A further possible basic electrical circuit diagram of a device according to the invention for the compensation of electrosmog 1 is shown in FIG. 12, which is based on the device 1 shown in FIG. 8. The free connection point 22 of the first radiation device 2 is electrically conductively connected to an antenna connection 4. The free connection point 21 of the second radiation device is electrically conductively connected to a ground connection 5. For the sake of clarity, the antenna 41 and grounding 51 connected to the connections 4 and 5 in practical use of the device 1 are indicated by dashed lines. This embodiment is also claimed in claim 3. All other embodiments of the device 1 shown in FIGS. 9 and 10 are electrically conductively connected to an antenna 4 and a ground connection 5 at their free connection points 21 and 22 in the sense of the above two exemplary embodiments. The two embodiments of claim 3 that are still missing can thus be realized.

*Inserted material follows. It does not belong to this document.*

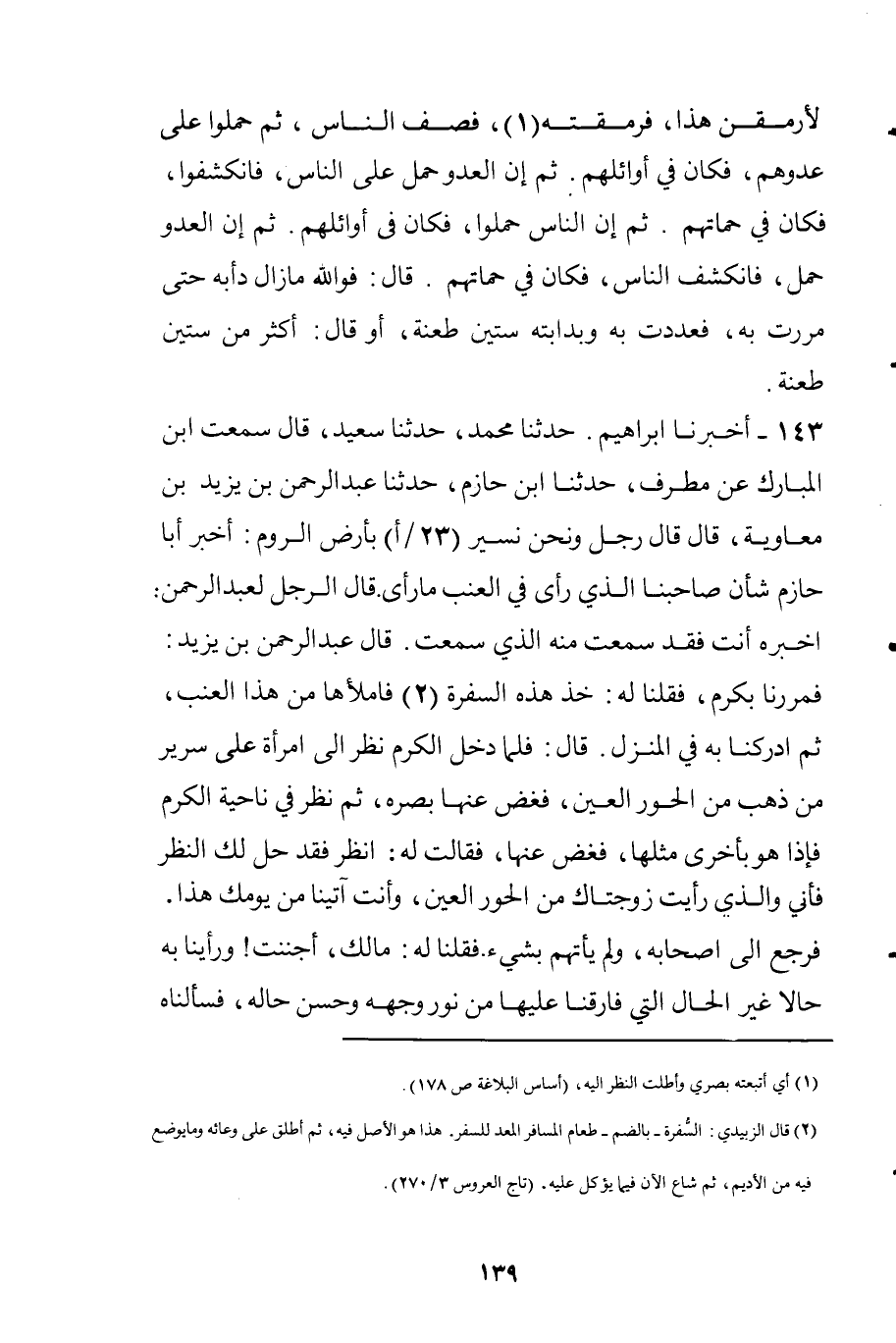 143- عَنْ مُطَرِّفٍ، حَدَّثَنَا ابْنُ حَازِمٍ، حَدَّثَنَا عَبْدُ الرَّحْمَنِ بْنُ يَزِيدَ بْنِ مُعَاوِيَةَ, قَالَ: قَالَ رَجُلٌ وَنَحْنُ نَسِيرُ بِأَرْضِ الرُّومِ: أَخْبِرْ أَبَا حَازِمٍ شَأْنَ صَاحِبِنَا الَّذِي رَأَى فِي الْعِنَبِ مَا رَأَى, قَالَ الرَّجُلُ لِعَبْدِ الرَّحْمَنِ: أَخْبِرْهُ أَنْتَ، فَقَدْ سَمِعْتُ مِنْهُ الَّذِي سَمِعْتَ, قَالَ عَبْدُ الرَّحْمَنِ بْنُ يَزِيدَ: فَمَرَرْنَا بِكَرْمٍ، فَقُلْنَا لَهُ: خُذْ هَذِهِ السُّفْرَةَ, فَامْلَأْهَا مِنْ هَذَا الْعِنَبِ، ثُمَّ أَدْرِكْنَا بِهِ فِي الْمَنْزِلِ, قَالَ: فَلَمَّا دَخَلَ الْكَرْمَ، نَظَرَ إِلَى امْرَأَةٍ عَلَى سَرِيرٍ مِنْ ذَهَبٍ مِنَ الْحُورِ الْعَيْنِ، فَغَضَّ عَنْهَا بَصَرَهُ، ثُمَّ نَظَرَ فِي نَاحِيَةِ الْكَرْمِ، فَإِذَا هُوَ بِأُخْرَى مِثْلِهَا، فَغَضَّ عَنْهَا، فَقَالَتْ لَهُ: انْظُرْ، فَقَدْ حَلَّ لَكَ النَّظَرُ، فَإِنِّي وَالَّذِي رَأَيْتَ زَوْجَتَاكَ مِنَ الْحُورِ الْعَيْنِ، وَأَنْتَ آتِينَا مِنْ يَوْمِكَ هَذَا، فَرَجَعَ إِلَى أَصْحَابِهِ، وَلَمْ يَأْتِهِمْ بِشَيْءٍ, فَقُلْنَا لَهُ: مَا لَكَ, أَجُنِنْتِ؟ وَرَأَيْنَا بِهِ حَالاً غَيْرَ الْحَالِ الَّتِي فَارَقَنَا عَلَيْهَا مِنْ نُورِ وَجْهِهِ, وَحُسْنِ حَالِهِ، فَسَأَلْنَاهُ مَا مَنَعَكَ مِنْ ذَلِكَ؟ فَاعْتَجَمَ عَلَيْنَا، حَتَّى أَقْسَمْنَا عَلَيْهِ، فَقَالَ: إِنِّي لَمَّا دَخَلْتُ الْكَرْمَ, فَقَصَّ الْقِصَّةَ، فَمَا أَدْرِي أَكَانَ ذَلِكَ أَسْرَعَ أَنِ اسْتَنْفَرَ النَّاسَ لِلْغَزْوِ، فَأَمَرْنَا بِهِ إِنْسَانًا يُمْسِكُ دَابَّتَهُ عَلَيْنَا حَتَّى أَسْرَجْنَا جَمِيعًا، ثُمَّ رَكِبَ وَرَكِبْنَا رَجَاءَ أَنْ يُصِيبَ الشَّهَادَةَ، فَتَقَدَّمَ بَيْنَ أَيْدِينَا، فَكَانَ أَوَّلَ النَّاسِ اسْتُشْهِدَ يَوْمَئِذٍ.

If you swap antenna 4 and ground connection 5 in FIGS. 1 1 and 12, two of the embodiments claimed in claim 4 are obtained. The two remaining embodiments of claim 4 are realized by interchanging antenna 4 and ground connection 5 in the embodiments discussed in the previous section.

In a further advantageous embodiment of the device 1, two diodes 31 and 32 connected in series are inserted into the connecting line 3 of the above exemplary embodiments of claim 3, as shown in FIG. 13 for an exemplary embodiment of claim 3 according to FIG. 11, the ground connection is removed from the connection point 22 of the second radiation device 2 and is electrically conductively connected to the connection point 33. By varying the connecting line 3 according to the exemplary embodiments shown in FIGS. 8 to 10, all of the embodiments of the device 1 claimed in claim 5 can be realized.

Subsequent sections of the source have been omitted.